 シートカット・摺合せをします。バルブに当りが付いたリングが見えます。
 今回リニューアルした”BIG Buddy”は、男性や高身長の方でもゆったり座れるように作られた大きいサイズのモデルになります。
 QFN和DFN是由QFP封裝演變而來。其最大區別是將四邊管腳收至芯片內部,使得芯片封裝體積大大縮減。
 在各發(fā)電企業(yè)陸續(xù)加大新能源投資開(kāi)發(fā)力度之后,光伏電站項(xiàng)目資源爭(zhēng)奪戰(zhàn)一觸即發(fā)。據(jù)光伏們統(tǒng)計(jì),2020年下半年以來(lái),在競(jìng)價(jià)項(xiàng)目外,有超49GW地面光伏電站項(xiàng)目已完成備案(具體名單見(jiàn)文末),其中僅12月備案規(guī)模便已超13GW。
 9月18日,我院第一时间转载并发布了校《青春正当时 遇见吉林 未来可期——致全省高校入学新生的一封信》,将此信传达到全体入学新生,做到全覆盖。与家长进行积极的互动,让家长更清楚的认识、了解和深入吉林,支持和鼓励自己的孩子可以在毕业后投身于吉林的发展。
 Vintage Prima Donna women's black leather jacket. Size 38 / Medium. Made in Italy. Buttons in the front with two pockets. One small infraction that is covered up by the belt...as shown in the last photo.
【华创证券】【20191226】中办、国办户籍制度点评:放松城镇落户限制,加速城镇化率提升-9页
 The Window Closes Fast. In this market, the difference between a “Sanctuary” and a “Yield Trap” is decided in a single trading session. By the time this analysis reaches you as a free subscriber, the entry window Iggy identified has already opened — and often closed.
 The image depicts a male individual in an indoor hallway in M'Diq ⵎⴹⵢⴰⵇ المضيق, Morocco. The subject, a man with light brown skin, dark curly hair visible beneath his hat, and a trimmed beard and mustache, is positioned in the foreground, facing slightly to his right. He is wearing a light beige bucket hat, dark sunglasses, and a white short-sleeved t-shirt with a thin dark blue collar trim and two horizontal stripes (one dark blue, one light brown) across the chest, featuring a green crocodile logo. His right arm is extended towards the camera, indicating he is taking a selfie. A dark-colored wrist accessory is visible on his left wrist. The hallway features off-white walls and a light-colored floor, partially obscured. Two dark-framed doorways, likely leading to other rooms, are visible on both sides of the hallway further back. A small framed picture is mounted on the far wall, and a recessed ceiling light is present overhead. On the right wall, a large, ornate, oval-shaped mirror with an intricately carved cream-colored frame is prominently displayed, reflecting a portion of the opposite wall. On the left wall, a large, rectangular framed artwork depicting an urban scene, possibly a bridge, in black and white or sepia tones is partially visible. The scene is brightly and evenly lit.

__________

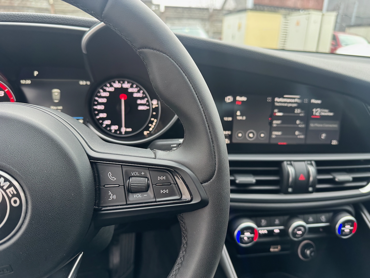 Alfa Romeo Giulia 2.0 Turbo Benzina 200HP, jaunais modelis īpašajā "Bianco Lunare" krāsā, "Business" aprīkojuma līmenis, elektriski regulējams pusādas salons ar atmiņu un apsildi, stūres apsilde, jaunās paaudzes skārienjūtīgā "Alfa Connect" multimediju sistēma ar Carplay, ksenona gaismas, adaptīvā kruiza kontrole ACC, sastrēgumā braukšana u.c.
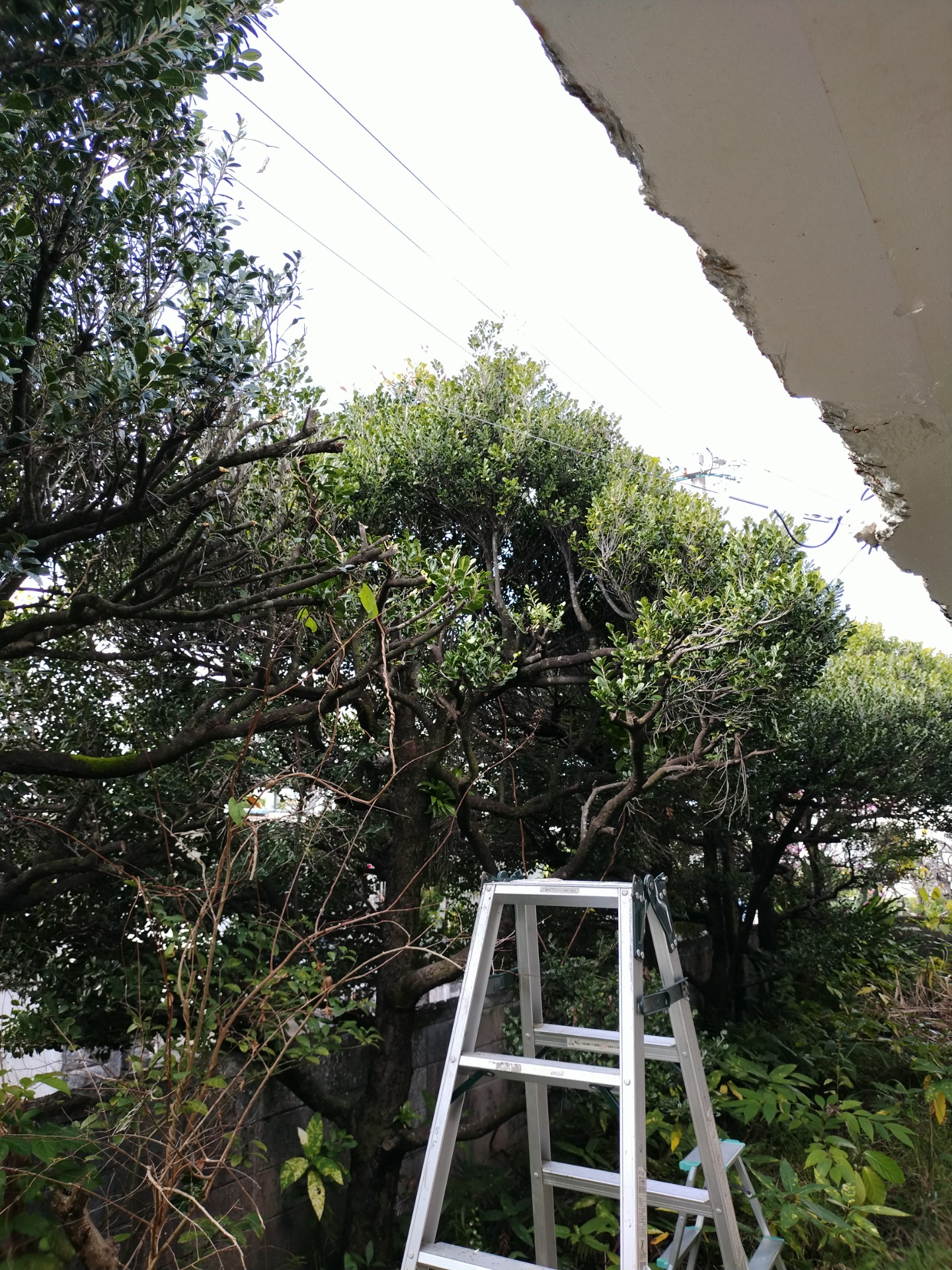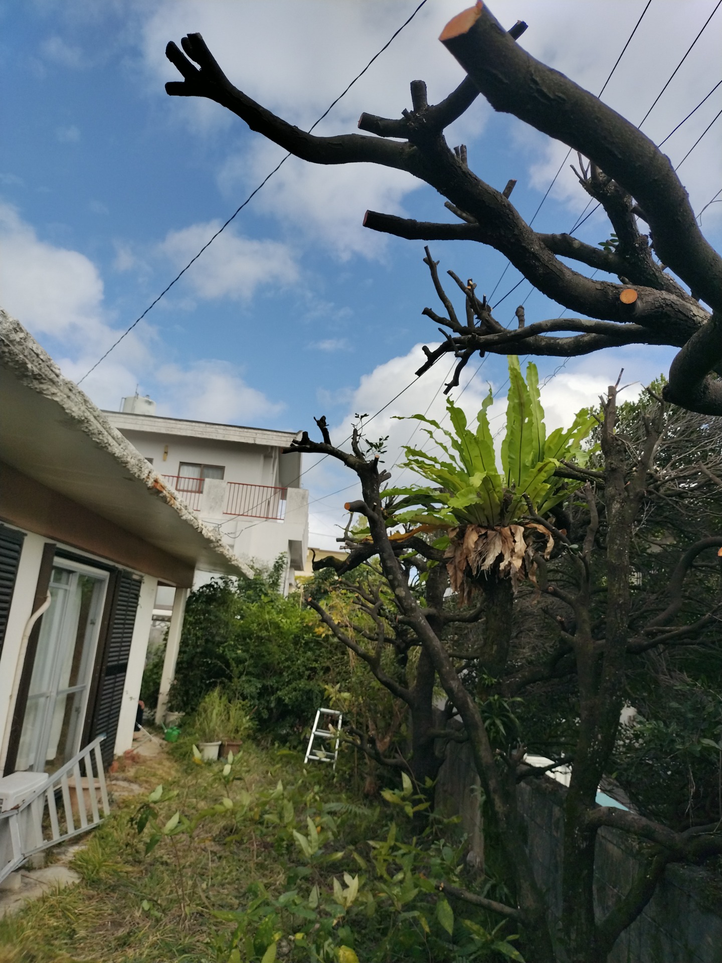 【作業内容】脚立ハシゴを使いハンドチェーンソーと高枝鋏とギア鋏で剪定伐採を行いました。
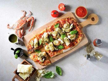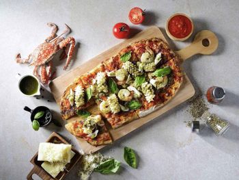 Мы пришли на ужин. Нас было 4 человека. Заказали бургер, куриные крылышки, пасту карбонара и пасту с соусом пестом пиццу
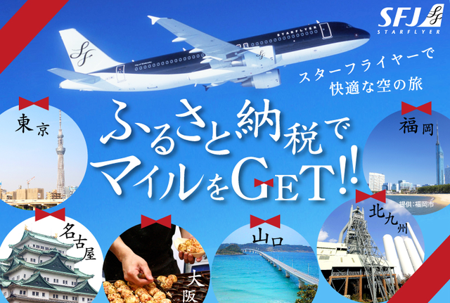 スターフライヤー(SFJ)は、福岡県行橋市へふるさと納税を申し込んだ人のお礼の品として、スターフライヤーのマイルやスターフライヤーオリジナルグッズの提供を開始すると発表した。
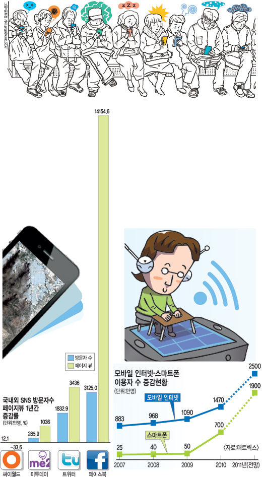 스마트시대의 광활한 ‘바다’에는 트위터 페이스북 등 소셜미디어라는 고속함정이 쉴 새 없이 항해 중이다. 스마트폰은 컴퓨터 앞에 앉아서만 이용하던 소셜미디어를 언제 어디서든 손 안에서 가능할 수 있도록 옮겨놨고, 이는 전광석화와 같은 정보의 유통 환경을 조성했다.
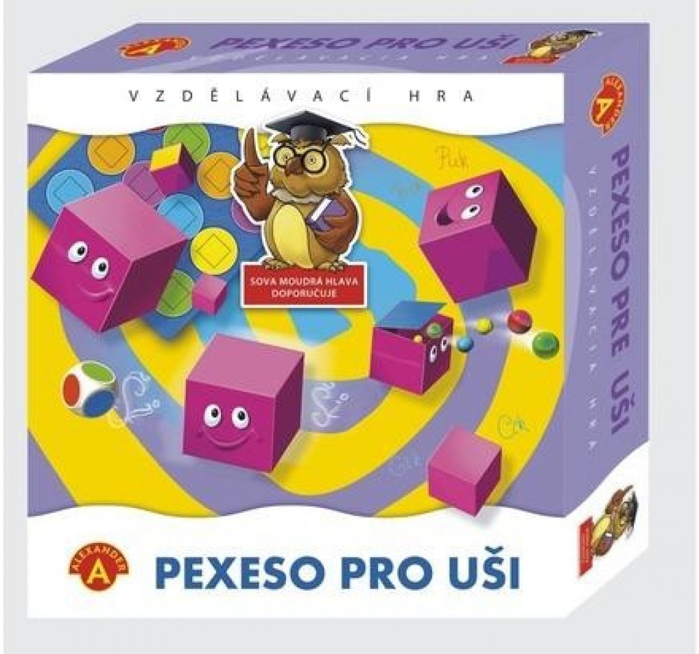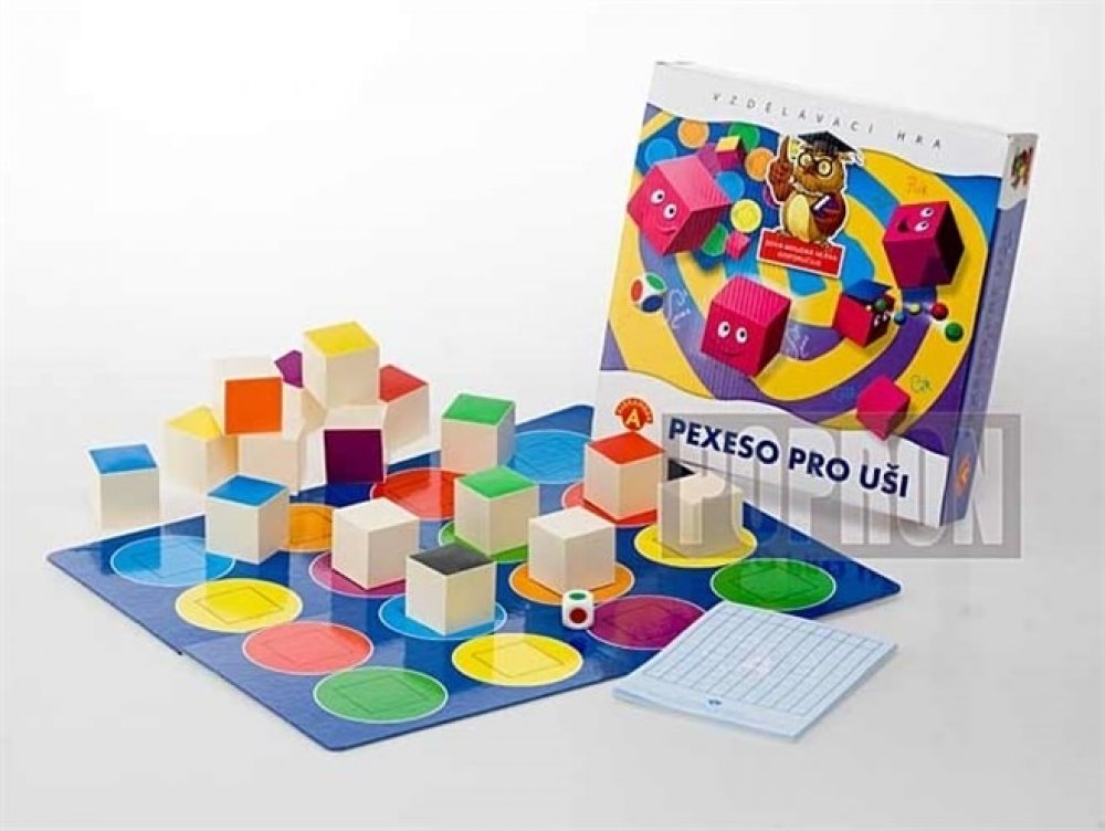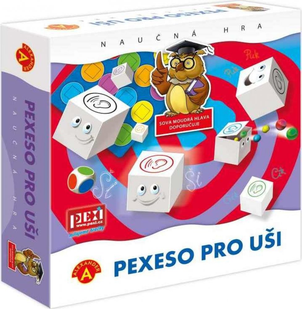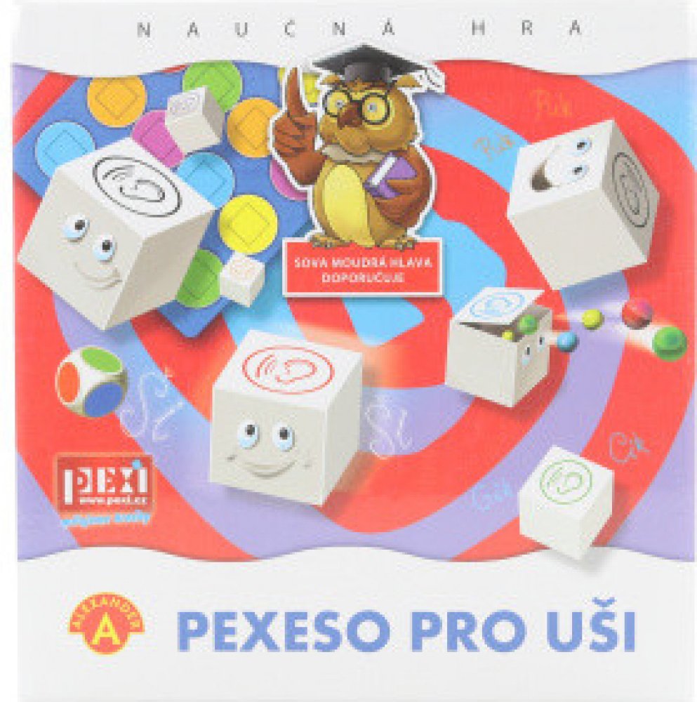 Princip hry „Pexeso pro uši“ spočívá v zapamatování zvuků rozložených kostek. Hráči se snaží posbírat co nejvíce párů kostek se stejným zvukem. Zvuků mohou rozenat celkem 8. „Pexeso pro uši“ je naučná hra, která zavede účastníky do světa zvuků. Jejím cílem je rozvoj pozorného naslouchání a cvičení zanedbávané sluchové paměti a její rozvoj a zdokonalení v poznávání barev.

__________

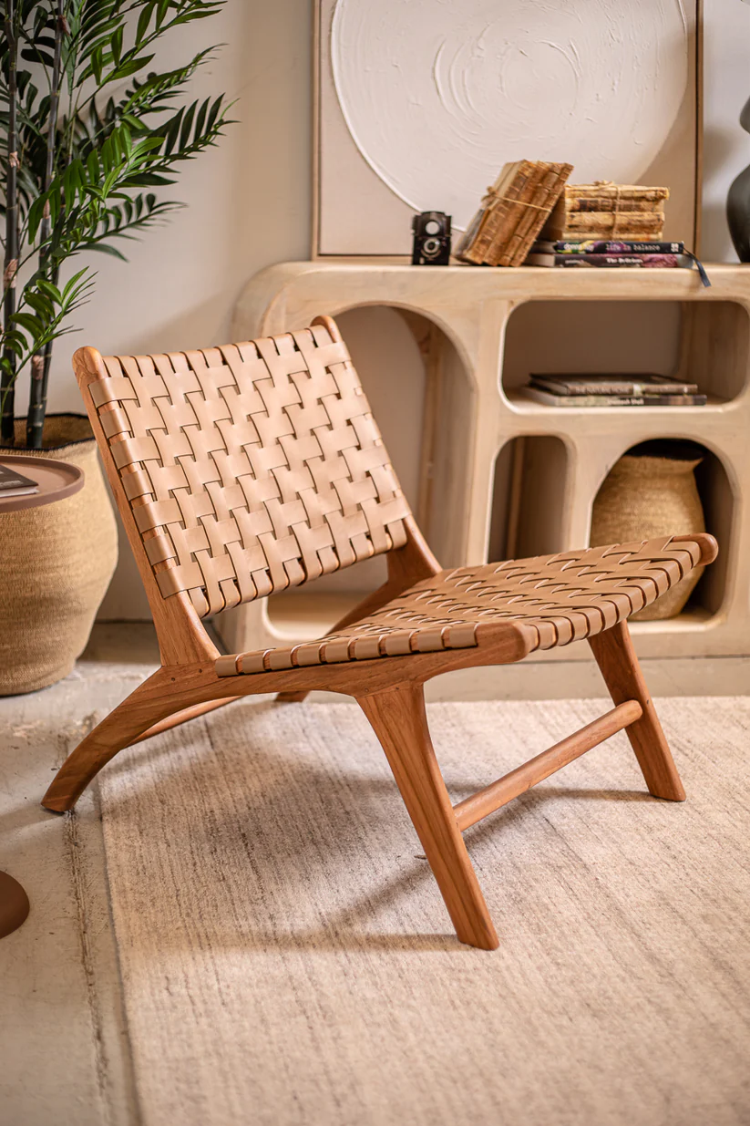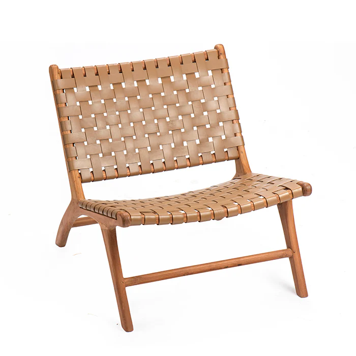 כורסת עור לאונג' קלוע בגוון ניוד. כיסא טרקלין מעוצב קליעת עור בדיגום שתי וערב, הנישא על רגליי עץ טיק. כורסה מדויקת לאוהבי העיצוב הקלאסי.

__________

PROBLEM REQUIREMENTS: Leaving out all pictures, set down exactly the lines of the material above, from the line with "スターフライヤー(SFJ)は" to the line with "스마트시대의 광활한 ‘바다’에는" inclusive, and no others.

SOLVED PROBLEM:
 スターフライヤー(SFJ)は、福岡県行橋市へふるさと納税を申し込んだ人のお礼の品として、スターフライヤーのマイルやスターフライヤーオリジナルグッズの提供を開始すると発表した。
 스마트시대의 광활한 ‘바다’에는 트위터 페이스북 등 소셜미디어라는 고속함정이 쉴 새 없이 항해 중이다. 스마트폰은 컴퓨터 앞에 앉아서만 이용하던 소셜미디어를 언제 어디서든 손 안에서 가능할 수 있도록 옮겨놨고, 이는 전광석화와 같은 정보의 유통 환경을 조성했다.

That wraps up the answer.